Fotografía de Madrid en 1937

La bestia ha despertado, susurrando su odio en los oídos. Nos seduce con su simplificación de la realidad, tan dolorosa en su mosaico. Identifica enemigos y culpables. Nos eleva como elegidos. Decreta lo normal y lo correcto en la conciencia y en la cama. Victimiza a los fuertes, pellizcando sus miedos, y criminaliza a los débiles. Vampiriza a los indignados. Emplea palabras nuevas para camuflar viejas insidias, aunque a veces se le caiga el disimulo. “¡Viva Cristo Rey!”, se ha gritado en un parlamento. Dios, ese dios ridículo que ellos se inventan a su imagen y semejanza, vuelve a distinguir entre santos y pecadores; entre buenos y malos españoles.

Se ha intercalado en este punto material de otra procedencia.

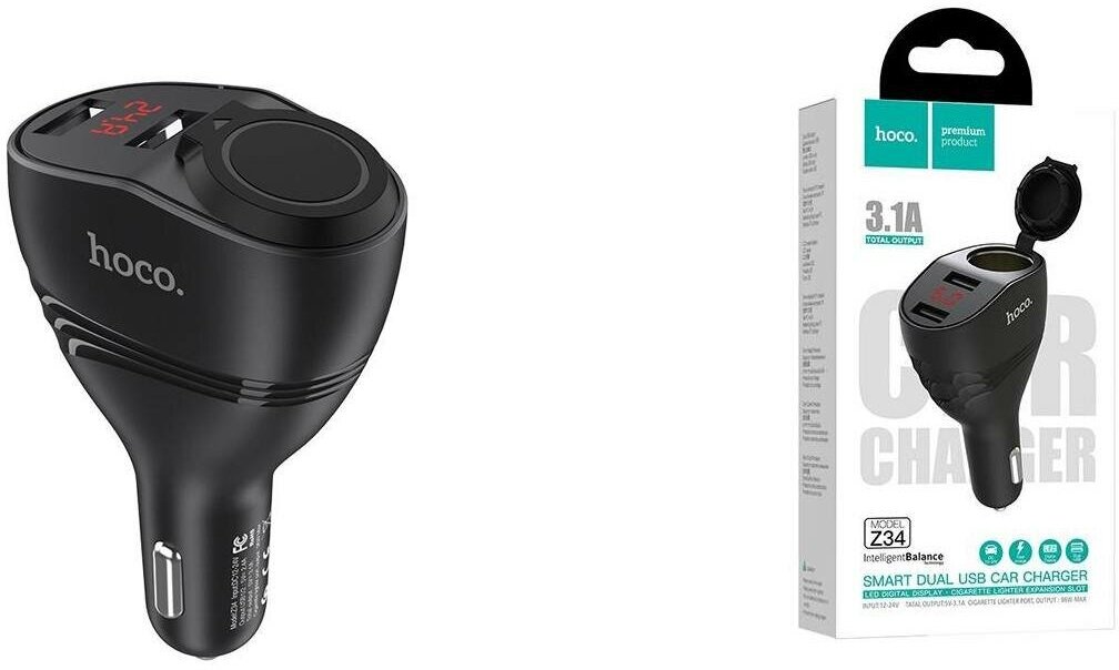 Car charger Hoco Z34 Thunder power cigarette lighter car charger Black

La bestia ha regresado. Nunca se fue ni la matamos. Sesteaba. Solo Alemania exorcizó sus demonios. Por eso no los ha olvidado. Francia e Italia, colaboracionista y cómplice, creyeron lavar sus pecados con el mito partisano. En España viajamos de la ley a la ley pasando por la ley. Transitamos sin rupturas bajo el ruido de sables. La bestia es como la vid si no se arranca. Germinará aunque parezca seca.

Nos empezamos riendo de que la bestia oliese a naftalina y ya está aquí. Gobierna. Ha empezado por Castilla y León. Pronto le seguirá Andalucía. Mañueco, Moreno Bonilla y Feijóo repiten el error de Von Papen. Creen que podrán domesticar a Abascal. La bestia jamás se serena ni reposa. Es como un tiburón, sin vejiga natatoria, condenado al permanente movimiento. Como el escorpión que pica a la rana en medio del río. Se inscribe en su naturaleza.

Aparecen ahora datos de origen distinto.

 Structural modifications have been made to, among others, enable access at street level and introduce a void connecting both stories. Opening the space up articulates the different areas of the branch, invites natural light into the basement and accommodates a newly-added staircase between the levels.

En Constantinopla, mientras los cañones del turco horadaban las murallas, se encrespaban las querellas entre unionistas, que pedían la ayuda del Papa, y cismáticos. Discutían sobre si la hostia consagrada debía elaborarse con pan ácimo y si el Espíritu Santo procedía solo del Padre o también “del Hijo”. “Filioque”, incluían los unionistas en el credo. El monje Genadio, líder ortodoxo, se negó a cualquier componenda. Le preocupaba más la salvación de las almas que de las carnes. No sabemos qué sucedió con las almas. Las carnes se desparramaron por las calles.

La bestia está a las puertas. “Hannibal ad portas”, gritaron los romanos después de que los cartagineses masacrasen a sus legiones en Cannas. Maldijeron a quienes proponían negociar. La amenaza los fortaleció. Lo recordaron décadas después cuando, ya arrasada Cartago, la ausencia de un rival relajó sus costumbres y fomentó la crisis de la República.

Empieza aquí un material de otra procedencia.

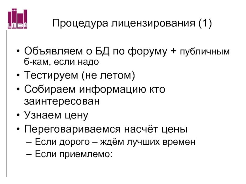 Какие БД лицензируем

Vivimos bajo asedio. La bestia nos acecha. Peligran libertades esenciales. Podemos hacerle frente juntos o empeñarnos en debates divisorios y cálculos políticos. ¿Nos comportaremos como romanos, sabiendo a qué nos arriesgamos si claudicamos, o como bizantinos, obtusos en nuestros filioques mientras el fanatismo nos devora? La bestia se relame.